A tali fini, le fattispecie di crisi aziendale prese in considerazione dalla disciplina vigente sono diverse. La disciplina vigente prevede due diversi ipotesi. La prima ipotesi riguarda il trasferimento di aziende: delle quali sia stato accertato lo stato di crisi aziendale; per le quali sia stata disposta l’amministrazione straordinaria, in caso di continuazione e mancata cessazione dell’attività; per le quali vi sia stata la dichiarazione di apertura della procedura di concordato preventivo; per le quali vi sia stata l’omologazione dell’accordo di ristrutturazione di debiti. In tale ipotesi, ove venga raggiunto un accordo sindacale che assicuri il “mantenimento, anche parziale, dell’occupazione”, l’accordo stesso può derogare l’articolo 2112 del Codice Civile, stabilendo i “termini” e le “limitazioni” con i quali tale disposizione trova applicazione.

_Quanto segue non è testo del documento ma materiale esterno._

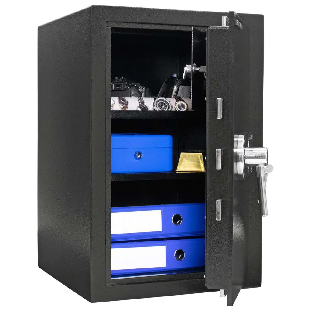 Kvalitní a spolehlivý trezor modelové řady Monaco nabízí bezpečný prostor pro vaše cennosti, dokumenty nebo šanony. Podle legislativy je možné v trezoru uschovat i krátké zbraně spolu s municí. Certifikovaný trezorový zámek dohromady s bezpečnostní třídou I zaručí potřebnou ochranu věcí uložených uvnitř. Po zavření dveří zajistí 3-stranný uzamykací mechanismus dokonalé uzavření prostoru. Vnitřek je doplněno poličkou, která rozdělí prostor podle vašich potřeb. S pořádným ukotvením nebude problém. Prostřednictvím připravených otvorů na ukotvení na spodní a zadní straně bude trezor pevně držet na místě. Kotvící materiál je součástí dodávky.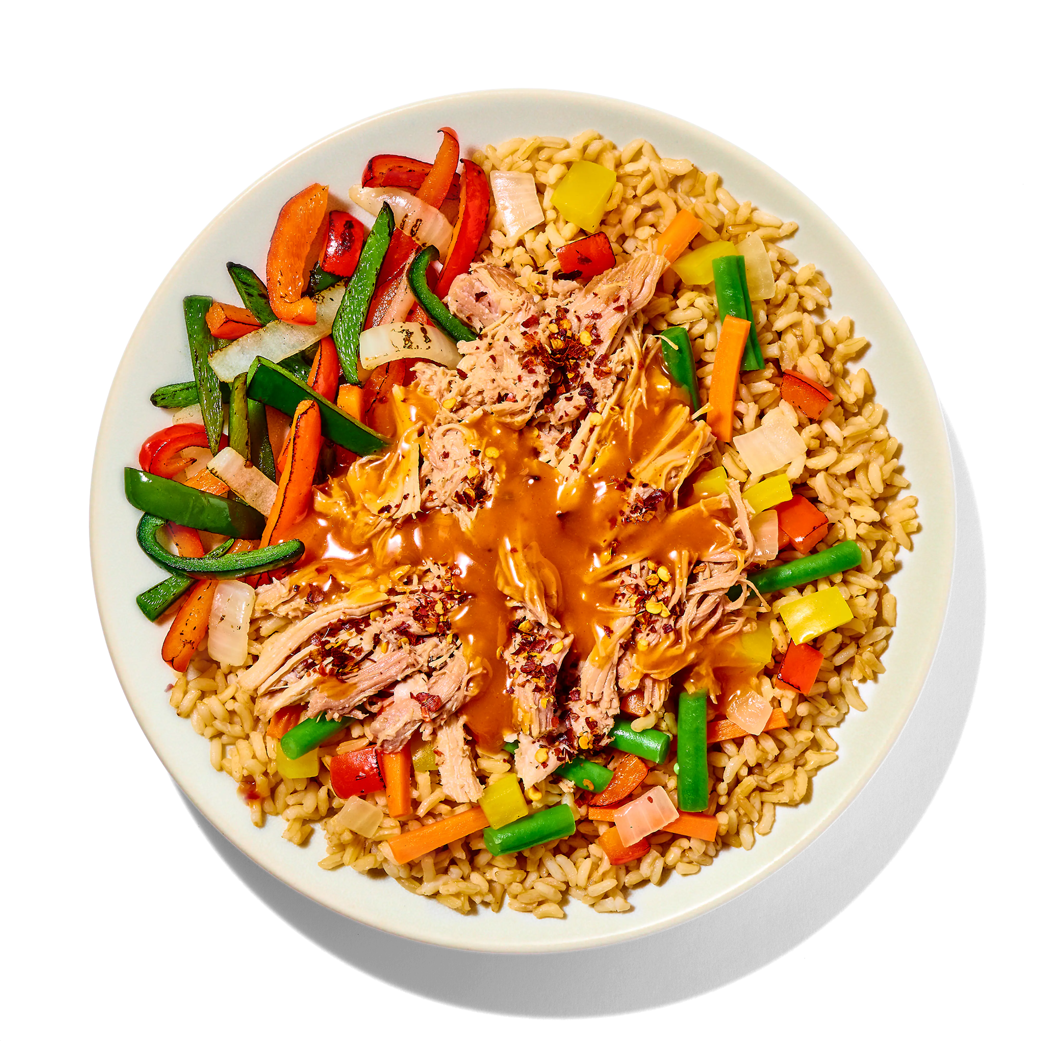 COOKED BROWN RICE (WATER, BROWN RICE), FULLY COOKED PULLED PORK CONTAINS UP TO 5% SOLUTION (WATER, SALT), VEGETABLE BLEND (BELL PEPPER, GREEN BEANS, YELLOW ONION, CARROTS), ONION AND PEPPER BLEND (ONIONS, RED BELL PEPPERS, POBLANO PEPPERS), ORANGE SAUCE (WATER, SUGAR, ORANGE JUICE CONCENTRATE, SOY SAUCE [WATER, WHEAT, SOYBEANS, SALT], SEASONED RICE VINEGAR [RICE VINEGAR, WATER, SUGAR, SALT], CORN STARCH, GARLIC, CHICKEN BASE [CHICKEN STOCK, SALT, NATURAL FLAVOR, CHICKEN FAT], SAUCIER [MODIFIED GUM ACACIA, MODIFIED TAPIOCA STARCH, XANTHAN GUM], SALT, RED CHILI PEPPER, GINGER), AROMATICS (OLIVE OIL, GARLIC, GREEN ONIONS, GINGER, YELLOW ONIONS, WATER, SALT, GUAR GUM, XANTHAN GUM), BUFFALO-STYLE SAUCE (CAYENNE PEPPER SAUCE [AGED RED CAYENNE PEPPERS, VINEGAR, SALT, NATURAL FLAVOR, GARLIC], VINEGAR, SALTED BUTTER [PASTEURIZED CREAM {MILK}, SALT], NATURAL FLAVOR [BUTTER], DEHYDRATED GARLIC, SUGAR, XANTHAN GUM, SPICES), CRUSHED RED PEPPERS.

La seconda ipotesi, invece, riguarda il trasferimento di imprese che si trovino in situazioni di crisi più grave, irreversibile, e precisamente il trasferimento di imprese nei confronti delle quali vi sia stata: dichiarazione di fallimento; omologazione di concordato preventivo consistente nella cessione dei beni; emanazione del provvedimento di liquidazione coatta amministrativa ovvero di sottoposizione all’amministrazione straordinaria, nel caso in cui la continuazione dell’attività non sia stata disposta o sia cessata. In tali casi, il raggiungimento di un accordo sindacale che preveda il mantenimento anche soltanto di parte dell’occupazione comporta l’inapplicabilità di tutte le disposizioni dettate dall’articolo 2112 del Codice civile, salva, ovviamente, la possibilità che l’accordo stesso stabilisca condizioni di miglior favore.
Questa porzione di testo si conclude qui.